**Aim of the task**
Every entry below must be repeated exactly; skip the pictures.

**Data in this exercise**
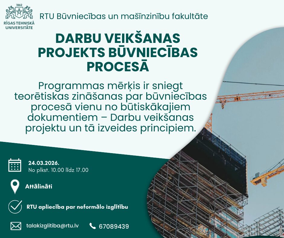 Rīgas Tehniskās universitātes (RTU) Būvniecības inženierzinātņu institūts piedāvā kursu Darbu veikšanas projekts būvniecības procesā.
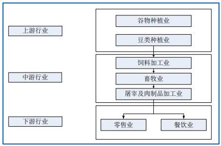 肉牛養(yǎng)殖行業(yè)的上游行業(yè)的上游為谷物、豆類種植業(yè),下游為餐飲業(yè)及零售業(yè)。
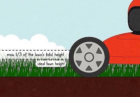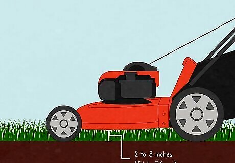 Set your mowing height based on your grass type(s) and climate. Mowing your lawn too short leads to brown lawns and more weeds. Measure from the ground to the bottom of your mower’s mowing deck, then from the deck up to the blades to find the mowing height. Adjust the height by lifting or lowering the levers on all 4 wheels when the motor is off. Ideal mowing heights vary based on several factors but usually fall within the range of 2 to 3 inches (5.1 to 7.6 cm). Here are height recommendations for common turfgrass species: Bermudagrass: 1 to 2 inches (2.5 to 5.1 cm) Buffalograss: 1.5 to 3 inches (3.8 to 7.6 cm) Zoysiagrass: 1 to 3 inches (2.5 to 7.6 cm) Kentucky Bluegrass: 2 to 3 inches (5.1 to 7.6 cm) Perennial Ryegrass: 2 to 3 inches (5.1 to 7.6 cm) Creeping Red Fescue: 1.5 to 2 inches (3.8 to 5.1 cm) Tall Fescue: 2.5 to 3.5 inches (6.4 to 8.9 cm) Contact your local agricultural extension program for advice if needed.
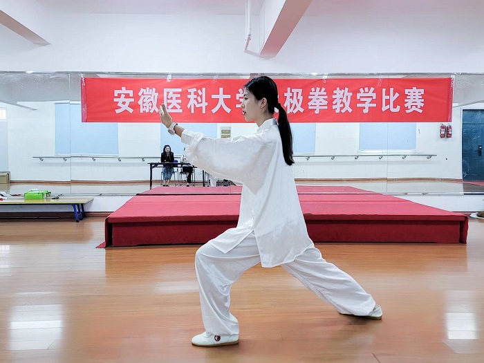 6月1日下午进行了预赛,参赛同学进行了完整的24式太极拳动作展示,最终有15位同学进入决赛。6月3日上午进行决赛,参赛同学自选24式太极拳一式动作进行教学展示,通过动作示范、分解教学、重难点讲解、易犯错误、攻防含义等教学步骤,表现出同学们清晰的教学思路,流畅的教学过程,合理的教学设计,充分展示了同学们扎实的太极拳基本功和勇于挑战的心理素质。经过激烈的角逐,滕玉竹同学动作优美的示范、条理清晰的教学、富有表现力和感染力的讲解获得了评委的一致认可,最终荣获特等奖,汪若晴、万程欢、董重、宗馨然、吴学燕等5人获得一等奖,方亮等8人获得二等奖,石雨菲等6人获得三等奖。
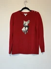 Charter Club Size Medium Frenchie Dog Rhinestone Collar Red Cotton Blend Good Condition Some Light Pilling SEE PICTURES
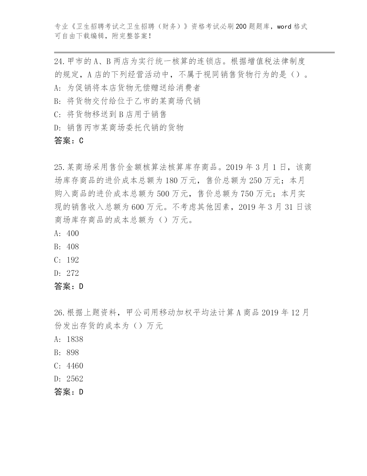 2024年云南省临翔区《卫生招聘考试之卫生招聘(财务)》考试必刷200题题库(培优B卷)
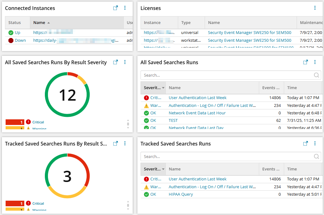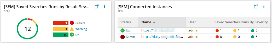 Tracked Saved Searches Runs - a table listing tracked saved search runs, grouped by severity, with more details, such as the events count, the related instance, or the last run time. Click an instance to go to the selected SEM Instance dashboard to view information related to the instance.
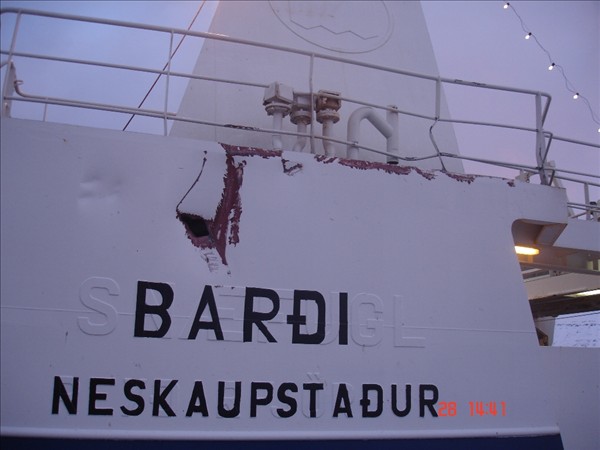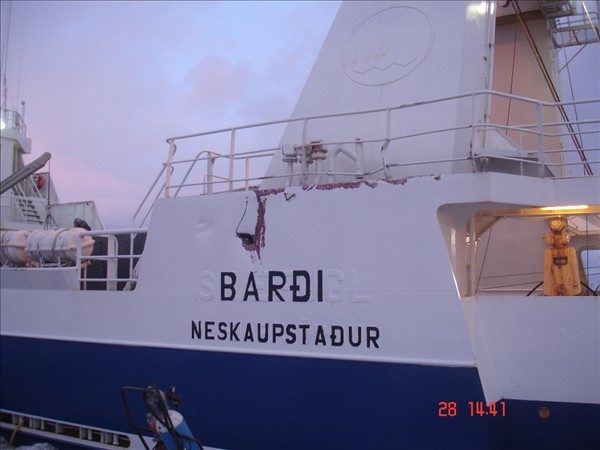 Í óveðrinu á aðfangadagskvöld í Neskaupstað skemmdist Barði NK en Barði slitnaði frá að framan og sést í eftirlitsmyndavélum þegar skipið slitnar frá bryggju og leggst á bb hliðina um ca 45 gráður, Barði lendir síðan á Reinu og gerir gat á skutinn og slítur síðan landfestatóg Reinu. Einnig kom gat á Barða og lunningin aftan við stýrishús bognar. Svo fuku ruslagámar í sjóinn og sést á einni myndinni gámur sem fauk í sjóinn við hliðina á Bjarti NK og á annari mynd sést hvar gámurinn stóð bundinn í síldartunnur með steypu í og er vegalengdinn sem gámurinn fór ca 6-700 metrar og ekki merki um að hann hafi komið við jörð í flugferðinni. Einnig fuku stórir gámar og bretti kv Bjarni G
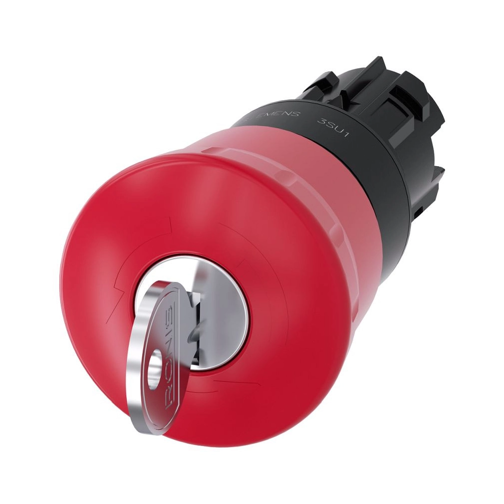 Siemens 3SU1000-1HF20-0AA0 kulcsos vészgomb fej, 40mm-es, piros, reteszoldás forgatással, RONIS SB30 Sir
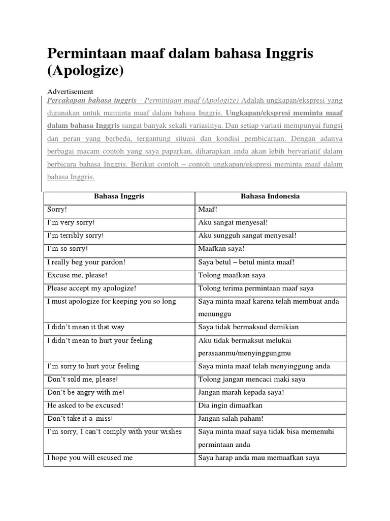 Macam-macam Ungkapan Maaf dalam Bahasa Inggris | Bahasa Inggris …
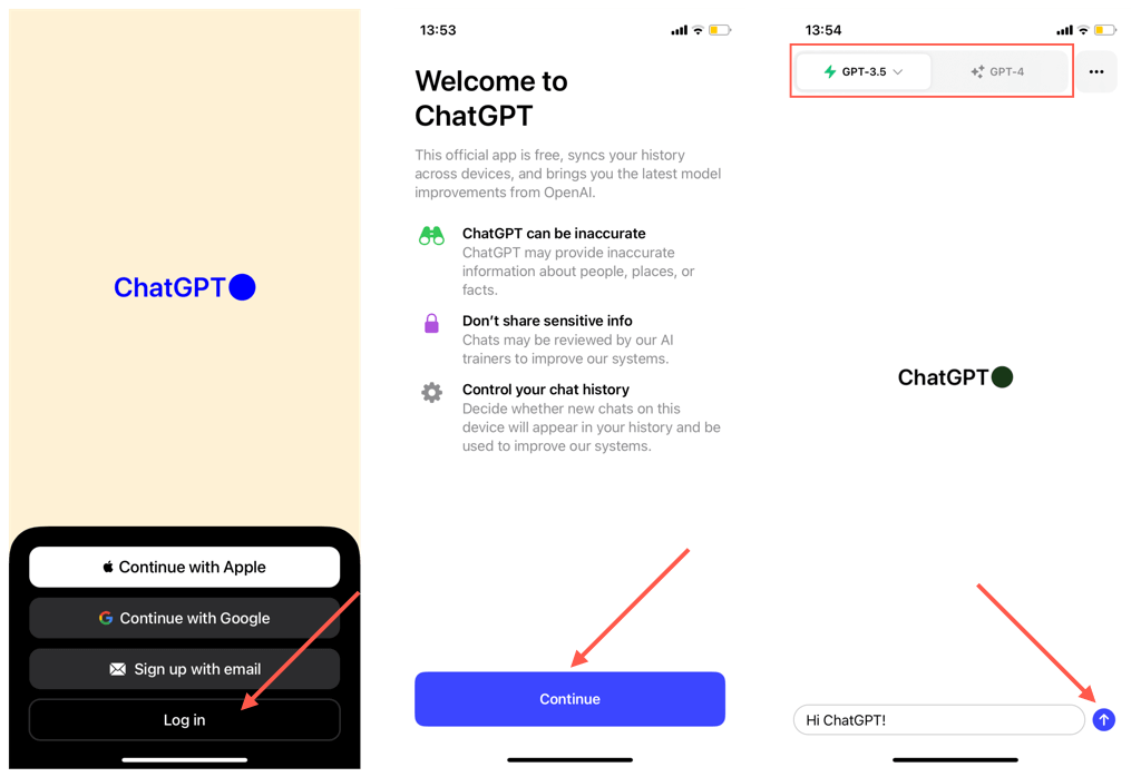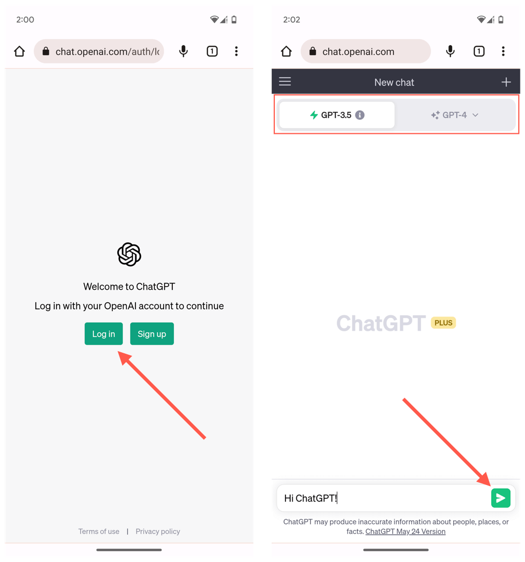 - プロンプトをチャットボックスに挿入してタップします送信chatgptとのチャットを開始するアイコン。 ChatGpt Plusサブスクライバーの場合、画面上部から言語モデルを切り替えることができます - EG、GPT-3.5、またはGPT-4。
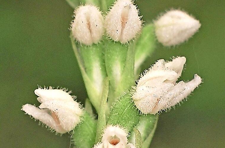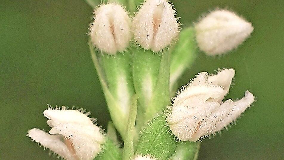 Das Kriechende Netzblatt steht bei uns je nach Witterungsverhältnissen von Ende Juni bis Ende Juli in Blüte. Die nur zirka acht Millimeter großen, weißen bis zart elfenbeinfarbenen Blüten sind fein, aber dicht behaart, ein wahres Meisterstück an Filigranarbeit, wie Adolf Riechelmann in seinem Buch "Orchideen im Naturpark Fränkische Schweiz" (Hg: Naturpark Fränkische Schweiz) schreibt.

**Your response**
 Rīgas Tehniskās universitātes (RTU) Būvniecības inženierzinātņu institūts piedāvā kursu Darbu veikšanas projekts būvniecības procesā.
 肉牛養(yǎng)殖行業(yè)的上游行業(yè)的上游為谷物、豆類種植業(yè),下游為餐飲業(yè)及零售業(yè)。
 Set your mowing height based on your grass type(s) and climate. Mowing your lawn too short leads to brown lawns and more weeds. Measure from the ground to the bottom of your mower’s mowing deck, then from the deck up to the blades to find the mowing height. Adjust the height by lifting or lowering the levers on all 4 wheels when the motor is off. Ideal mowing heights vary based on several factors but usually fall within the range of 2 to 3 inches (5.1 to 7.6 cm). Here are height recommendations for common turfgrass species: Bermudagrass: 1 to 2 inches (2.5 to 5.1 cm) Buffalograss: 1.5 to 3 inches (3.8 to 7.6 cm) Zoysiagrass: 1 to 3 inches (2.5 to 7.6 cm) Kentucky Bluegrass: 2 to 3 inches (5.1 to 7.6 cm) Perennial Ryegrass: 2 to 3 inches (5.1 to 7.6 cm) Creeping Red Fescue: 1.5 to 2 inches (3.8 to 5.1 cm) Tall Fescue: 2.5 to 3.5 inches (6.4 to 8.9 cm) Contact your local agricultural extension program for advice if needed.
 6月1日下午进行了预赛,参赛同学进行了完整的24式太极拳动作展示,最终有15位同学进入决赛。6月3日上午进行决赛,参赛同学自选24式太极拳一式动作进行教学展示,通过动作示范、分解教学、重难点讲解、易犯错误、攻防含义等教学步骤,表现出同学们清晰的教学思路,流畅的教学过程,合理的教学设计,充分展示了同学们扎实的太极拳基本功和勇于挑战的心理素质。经过激烈的角逐,滕玉竹同学动作优美的示范、条理清晰的教学、富有表现力和感染力的讲解获得了评委的一致认可,最终荣获特等奖,汪若晴、万程欢、董重、宗馨然、吴学燕等5人获得一等奖,方亮等8人获得二等奖,石雨菲等6人获得三等奖。
 Charter Club Size Medium Frenchie Dog Rhinestone Collar Red Cotton Blend Good Condition Some Light Pilling SEE PICTURES
 2024年云南省临翔区《卫生招聘考试之卫生招聘(财务)》考试必刷200题题库(培优B卷)
 Tracked Saved Searches Runs - a table listing tracked saved search runs, grouped by severity, with more details, such as the events count, the related instance, or the last run time. Click an instance to go to the selected SEM Instance dashboard to view information related to the instance.
 Í óveðrinu á aðfangadagskvöld í Neskaupstað skemmdist Barði NK en Barði slitnaði frá að framan og sést í eftirlitsmyndavélum þegar skipið slitnar frá bryggju og leggst á bb hliðina um ca 45 gráður, Barði lendir síðan á Reinu og gerir gat á skutinn og slítur síðan landfestatóg Reinu. Einnig kom gat á Barða og lunningin aftan við stýrishús bognar. Svo fuku ruslagámar í sjóinn og sést á einni myndinni gámur sem fauk í sjóinn við hliðina á Bjarti NK og á annari mynd sést hvar gámurinn stóð bundinn í síldartunnur með steypu í og er vegalengdinn sem gámurinn fór ca 6-700 metrar og ekki merki um að hann hafi komið við jörð í flugferðinni. Einnig fuku stórir gámar og bretti kv Bjarni G
 Siemens 3SU1000-1HF20-0AA0 kulcsos vészgomb fej, 40mm-es, piros, reteszoldás forgatással, RONIS SB30 Sir
 Macam-macam Ungkapan Maaf dalam Bahasa Inggris | Bahasa Inggris …
 - プロンプトをチャットボックスに挿入してタップします送信chatgptとのチャットを開始するアイコン。 ChatGpt Plusサブスクライバーの場合、画面上部から言語モデルを切り替えることができます - EG、GPT-3.5、またはGPT-4。
 Das Kriechende Netzblatt steht bei uns je nach Witterungsverhältnissen von Ende Juni bis Ende Juli in Blüte. Die nur zirka acht Millimeter großen, weißen bis zart elfenbeinfarbenen Blüten sind fein, aber dicht behaart, ein wahres Meisterstück an Filigranarbeit, wie Adolf Riechelmann in seinem Buch "Orchideen im Naturpark Fränkische Schweiz" (Hg: Naturpark Fränkische Schweiz) schreibt.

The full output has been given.